Advertainment is the large, grey, gross electronic world where your increasingly technologically based attention span can be reached in novel ways and manipulated to greater effect.
Now that new Personal Video Recorder technology (PVR) allows you to record, pause and instant-replay live television, consumers can fast-forward past commercials with reckless abandon. The popular TiVo model even has a "zap" feature that fast-forwards through 30-second spots with a click of the remote.
Not surprisingly, many users of this technology take advantage and avoid the ads. Statistics from CNW Marketing Research indicate that approximately 72 per cent of PVR users skip TV ads. And, according to a Yankee Group Media & Entertainment Strategies study, nearly one-fifth of all U.S. homes will be able to fast-forward TV commercials by 2007, eventually, to quote the report, "disrupting the entire value chain for television."
The adapt-or-die industry reaction to this has been more than just the increasingly sophisticated sponsorships of television programs like Canadian Idol running smarmy advertorials for L'Oréal. It has led to deeply integrated product placements where brands aren't just more visible but are often integrated into plots or introduced as characters.
Why watch the lame commercial for the Audi when you can see James Bond in his sexy new BMW? And don't you want a refreshing Coke when that guy from Queer Eye For The Straight Guy holds the can in that awkward manner?
Video games are next.
Last week, game-maker Electronic Arts announced a deal with A&M Records that places new tracks by the Black Eyed Peas into an upcoming version of The Sims, The Urbz: Sims In The City. The band is re-recording the tracks in "Simlish", the language of the game world. As well, the Black Eyed Peas will appear as characters in the game. Will.I.Am, Fergie, Taboo and Apl de Ap are depicted as musicians teaching players hip social moves and unlocking reputation-enhancing missions, according to EA.

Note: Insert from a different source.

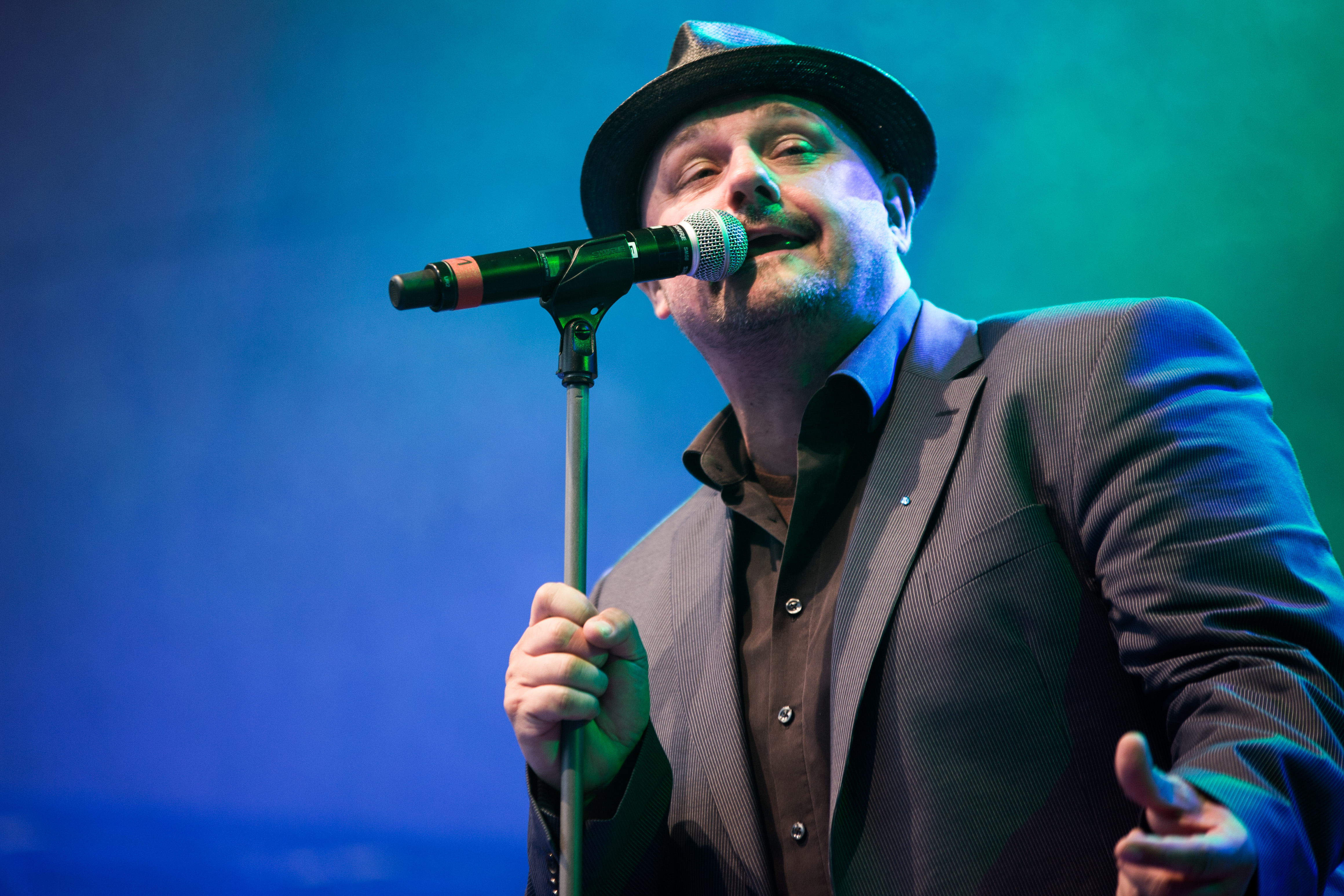 Water is Right TTF.Rudolstadt 2014 Festivalsommer This photo was created with the support of donations to Wikimedia Deutschland in the context of the CPB project "Festival Summer".

"This is an unprecedented collaboration," says Steve Schnur, worldwide executive of music and audio at EA, as if it were a good thing. "Never before has a band gone back into the studio to re-record an album in another language specifically for a game."
EA is the same company that integrated Intel and McDonald's into the 2002 version of The Sims. You could buy a McDonald's kiosk in the game and sell the company's branded food products, earning "simoleans," the game's currency.
When Gran Turismo 4 for the Sony PlayStation, one of this fall's most anticipated video games, launches November 15, it will include more than 500 production cars. This is because car manufacturers realize that advergaming helps them reach a prime demographic that has become inaccessible through television.
Without traditional tracking mechanisms in place to help the media buyers calculate their return on investment, new tools are being developed by Nielsen Entertainment (the same people who measure TV viewership) in partnership with Activision. They plan to provide standardized metrics for advertising inside online gaming, particularly in the realm of MMORPG's (massive multiplayer online role-playing games) like Everquest and The Sims.
With perfect synchronicity, worldwide advertising powerhouse Young & Rubicam recently rolled out Bounce Interactive Gaming (B.I.G) to advance its clients' in-game advertising ambitions. And Toronto-based Cossette Communications recently launched its new Ricochet Branded Content division, because, says Jacques Labelle, managing partner of the division, in a press release, "Clients are constantly searching for a way to build a more direct, global and lasting relationship with consumers. Branded content allows for that to happen."
I was nine years old when E.T. gave the Reese's Pieces back to Elliott and retail sales of the candy increased more than 80 per cent. Of course, when I – like all the other whining kids – begged Mom to buy them for me, I only wanted to lay a trail of RPs outside our back door so I could attract an E.T. of my own. (Unfortunately, she didn't come until years later, after I started dating.)
I didn't know it then, but I left the theatre with high "product recall recognition" and brand awareness, converting Hershey's product placement into gold for the ad agency and, with my repeated whelping to Mom, for their client.
Today, I watch Apple's slick computers, Ford's clunky cars and a bunch of stoners making their way to White Castle and I wonder about integrity, honesty and the price of an auteur's soul. Product placement is everywhere, having leapt outside the constricting horizontal squares of billboards and buses and onto buildings, into our houses and then insidiously into our minds.
I wonder whether it's our own fault. If we were less sophisticated, less discerning and less aware of the miasma of advertising that is such a constant in our lives, perhaps that beautiful demarcating line between content and advertising would still exist. Alas, it's just a fanciful wonder today, because that separation is dead.